(Brief) Copy exactly and only the lines running from the one that contains "Robe Marocaine /" to the final line of the data below, without the pictures.

(Information shown)

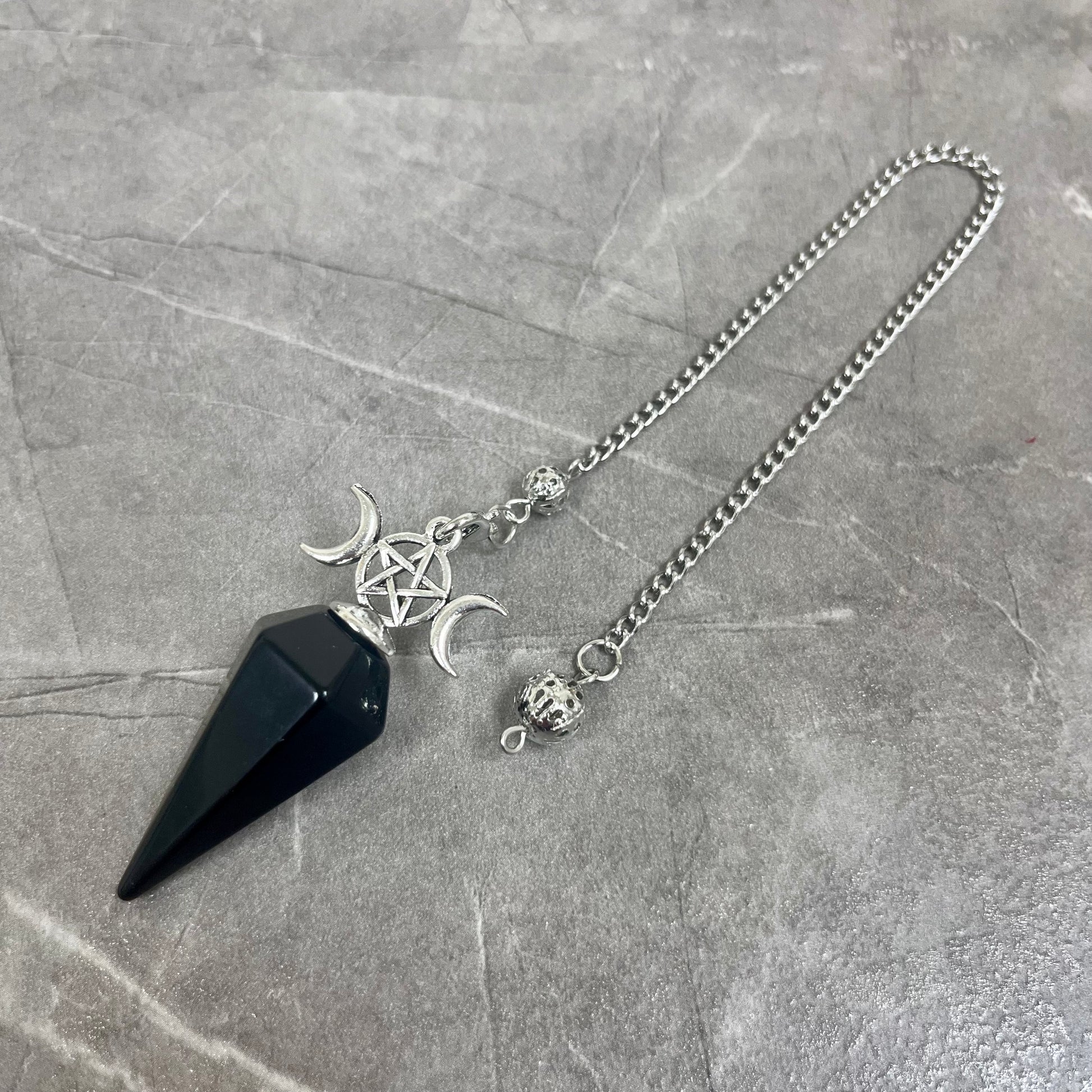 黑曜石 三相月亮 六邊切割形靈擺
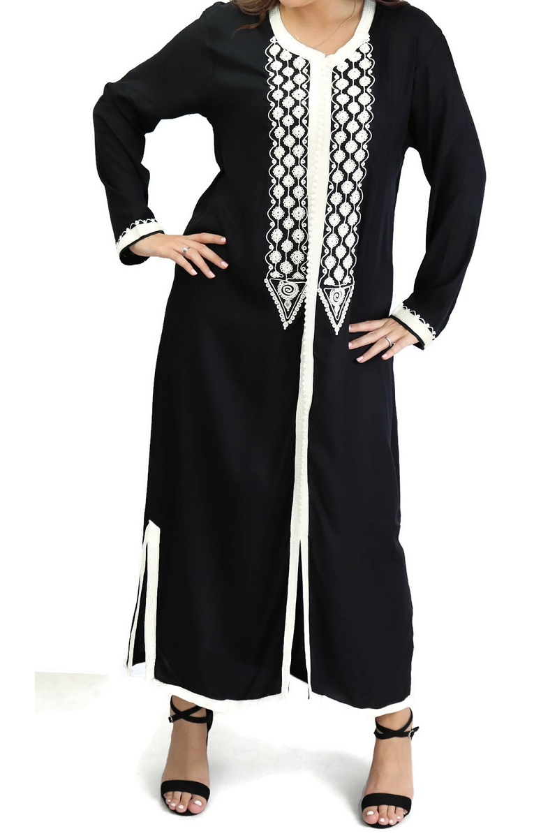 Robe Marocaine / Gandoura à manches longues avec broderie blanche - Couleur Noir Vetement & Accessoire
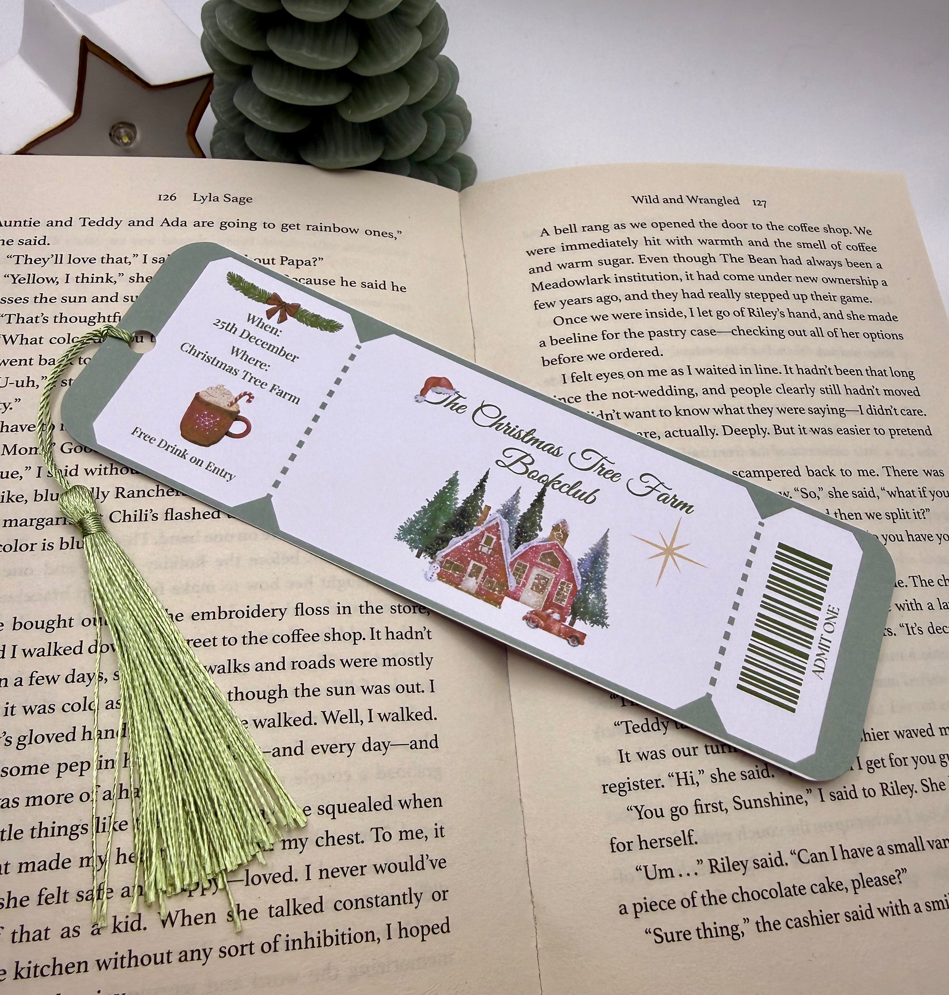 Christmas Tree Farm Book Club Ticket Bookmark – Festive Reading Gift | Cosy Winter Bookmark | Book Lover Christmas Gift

(Exercise solution)
 Robe Marocaine / Gandoura à manches longues avec broderie blanche - Couleur Noir Vetement & Accessoire
 Christmas Tree Farm Book Club Ticket Bookmark – Festive Reading Gift | Cosy Winter Bookmark | Book Lover Christmas Gift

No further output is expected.